REQUIREMENT:
Go through the data below and copy it exactly, skipping every picture.

DATA PROVIDED:
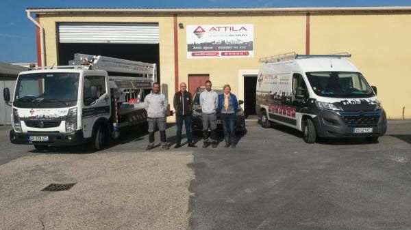 Equipe Attila 26/08/2015 par attila Voici notre équipe ATTILA au complet de gauche à droite : - Un couvreur : Cyril BONVOISIN - le gérant : Mr Patrick GUERITTE - Un couvreur : Natael COUEGNOUX - Une assistante commerciale : Céline KOWAL
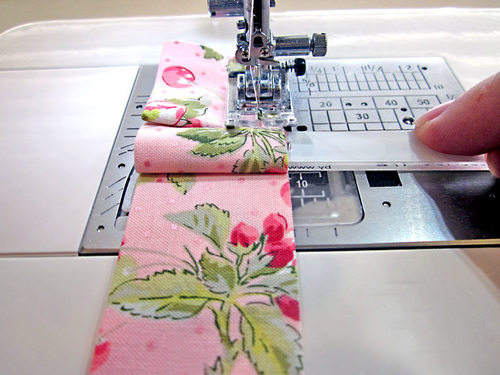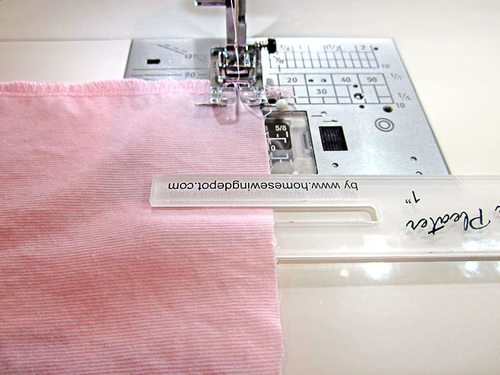 Slide out the Quick Pleater and stitch forward to secure your first pleat.
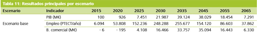 Así, en ausencia de impedimentos administrativos y regulatorios, este sector supondría una "aportación al PIB superior al 1% del nivel actual durante un periodo superior a 30 años" en el escenario base. Entre 2014 y 2065, el valor añadido bruto que acumularía dicha actividad superaría el billón de euros. Y, en concreto, generaría más de 40.000 millones al año entre 2036 y 2044, el período de máximo impacto, equivalente a más del 4% del PIB actual, superando en importancia a otras actividades como el transporte o el sector primario.
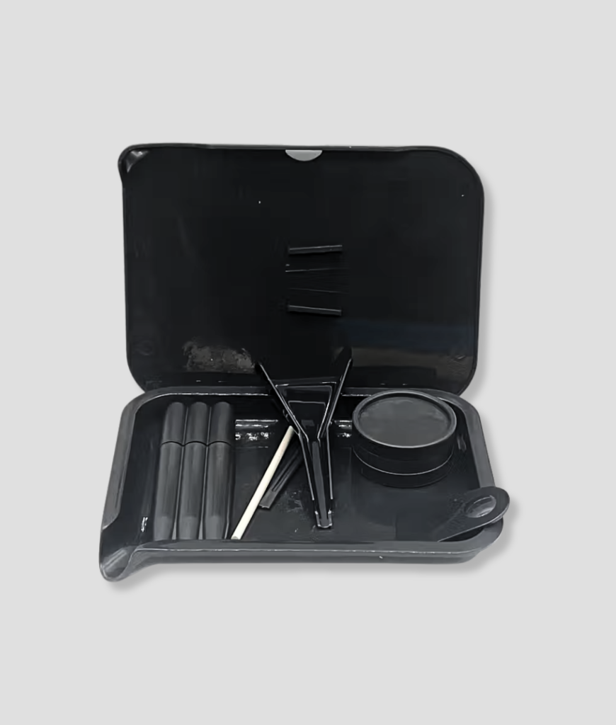 Geen geklooi meer met losse spullen in je broekzak of tasje. Met deze complete, strakke zwarte kit heb je direct alles bij de hand voor een nacht keihard doorhalen op je favoriete rave. Het doosje is stevig, onopvallend en houdt al je essentials veilig en overzichtelijk bij elkaar. Ideaal voor onderweg of in je tentje!

THE COMPLETED TASK:
 Equipe Attila 26/08/2015 par attila Voici notre équipe ATTILA au complet de gauche à droite : - Un couvreur : Cyril BONVOISIN - le gérant : Mr Patrick GUERITTE - Un couvreur : Natael COUEGNOUX - Une assistante commerciale : Céline KOWAL
 Slide out the Quick Pleater and stitch forward to secure your first pleat.
 Así, en ausencia de impedimentos administrativos y regulatorios, este sector supondría una "aportación al PIB superior al 1% del nivel actual durante un periodo superior a 30 años" en el escenario base. Entre 2014 y 2065, el valor añadido bruto que acumularía dicha actividad superaría el billón de euros. Y, en concreto, generaría más de 40.000 millones al año entre 2036 y 2044, el período de máximo impacto, equivalente a más del 4% del PIB actual, superando en importancia a otras actividades como el transporte o el sector primario.
 Geen geklooi meer met losse spullen in je broekzak of tasje. Met deze complete, strakke zwarte kit heb je direct alles bij de hand voor een nacht keihard doorhalen op je favoriete rave. Het doosje is stevig, onopvallend en houdt al je essentials veilig en overzichtelijk bij elkaar. Ideaal voor onderweg of in je tentje!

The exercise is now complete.